> Problem statement
Your task is to restate word for word the lines in the material below, from the one with "An elegant handbag" up to and including the one with "в Бердске купить". Do not carry over the pictures.

> Exercise data
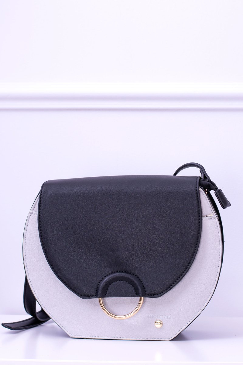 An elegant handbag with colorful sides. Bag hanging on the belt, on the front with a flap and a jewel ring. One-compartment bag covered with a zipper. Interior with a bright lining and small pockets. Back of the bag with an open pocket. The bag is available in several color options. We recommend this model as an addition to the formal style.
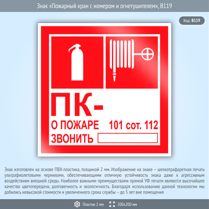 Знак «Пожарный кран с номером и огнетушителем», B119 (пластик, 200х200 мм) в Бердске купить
* * *
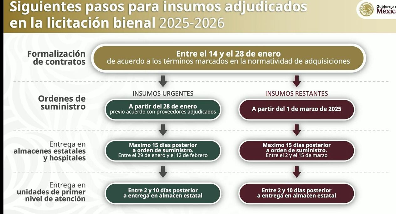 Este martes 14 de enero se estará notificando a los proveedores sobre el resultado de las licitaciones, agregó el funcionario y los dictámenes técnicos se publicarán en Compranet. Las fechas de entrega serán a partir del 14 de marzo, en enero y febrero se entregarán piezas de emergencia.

> Problem solution
 An elegant handbag with colorful sides. Bag hanging on the belt, on the front with a flap and a jewel ring. One-compartment bag covered with a zipper. Interior with a bright lining and small pockets. Back of the bag with an open pocket. The bag is available in several color options. We recommend this model as an addition to the formal style.
 Знак «Пожарный кран с номером и огнетушителем», B119 (пластик, 200х200 мм) в Бердске купить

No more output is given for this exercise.